After a mailer purchases the service through a designated USPS Web site, the mailer can select from various printing, finishing, mailing date and payment options, then submit a mailing list of recipients. The USPS batches submitted jobs where possible and transmits them electronically to digital printing contractors, who print the documents, seal them in envelopes and drop them at the local postal facility for delivery.

Mailing Online was originally introduced as a market test in three cities in 1998, but was retracted in early 1999 after the USPS had difficulties with its information technology infrastructure. Later that year the USPS filed a new request with the PRC for a Mailing Online Service that included new features and costs.

In the most recent request, the USPS stated that consumers who use Mailing Online to send an average two-page, single-color, First-Class mail piece should pay 37.9 cents per piece, including postage. The agency based the fee on the direct costs it would have to pay printers involved in the program, along with information technology costs and a markup cost — or a contribution to institutional costs.

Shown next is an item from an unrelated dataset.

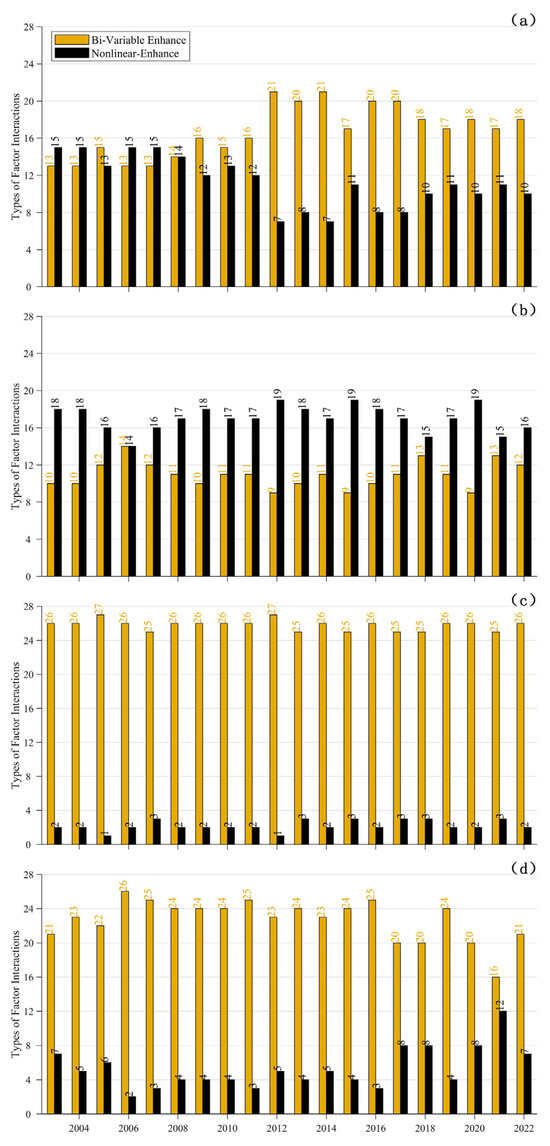 Figure 8 computes and displays the annual count of interactions between different variables from 2003 to 2022. Bivariate enhancement and nonlinear enhancement are two examples of the interactions between influencing elements that are depicted in the graph. In graph (a), the interaction effects among influencing factors leading to changes in vegetation KNDVI in Shaanxi Province were relatively balanced between the two types from 2003 to 2011. However, from 2012 to 2022, the number of bivariate enhancement interaction types exceeds that of nonlinear enhancement. From graph (b), it can be seen that, in the northern Shaanxi region, the number of nonlinear enhancement interaction types between influencing factors is greater than that of bivariate enhancement. From graph (c), it can be seen that, in the Guanzhong region, the bivariate enhancement is the dominant type of interaction between influencing factors. From graph (d), it can be seen that, for the southern Shaanxi region, the interaction types between influencing factors are similar to those in the Guanzhong region, with bivariate enhancement being the main type.
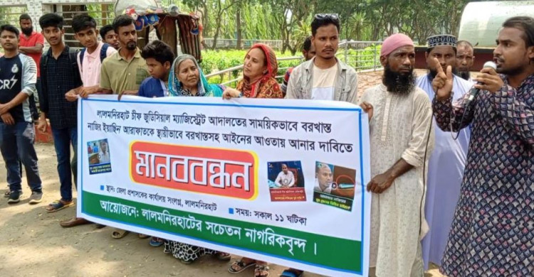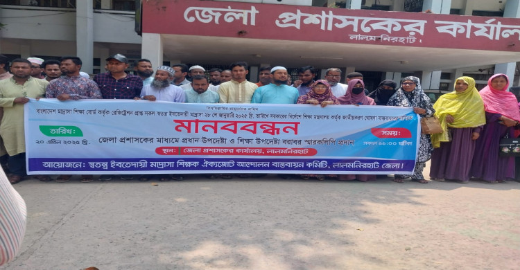 লালমনিরহাটে ইবতেদায়ী মাদ্রাসার মানববন্ধন ও স্মারকলিপি প্রদান

The PRC, however, recommended a higher rate of 40.9 cents for the same representative piece.

“The cost estimates that the postal service used in its case are based on quite speculative volume estimates from about five years ago,” said Steven Sharfman, legal counsel for the PRC, Washington. “And, the postal service has come up with its cost estimate, in part, by guaranteeing the printers that it would give them a certain amount of business. If, however, the postal service doesn't give them enough business — and the volume estimates are wrong — then the postal service will have to pay the difference to those printers, so it may mean the service could be more costly than we all hope.”

The USPS' Board of Governors can accept or reject the request, or send it back to the PRC for reconsideration. However, Sharfman said he is confident the governors will not wholeheartedly reject the case.

“I would assume that the [governors] will not just reject [the case] and say they are not going to play,” he said. “If they are unhappy with some aspect of our request, I would assume they would send it back for reconsideration.”

Indeed, since the governors have no specific time frame in which to make a decision.

Insiders said the USPS will probably announce a new Mailing Online Service at the agency's Fall Postal Forum in Anaheim, CA, in September.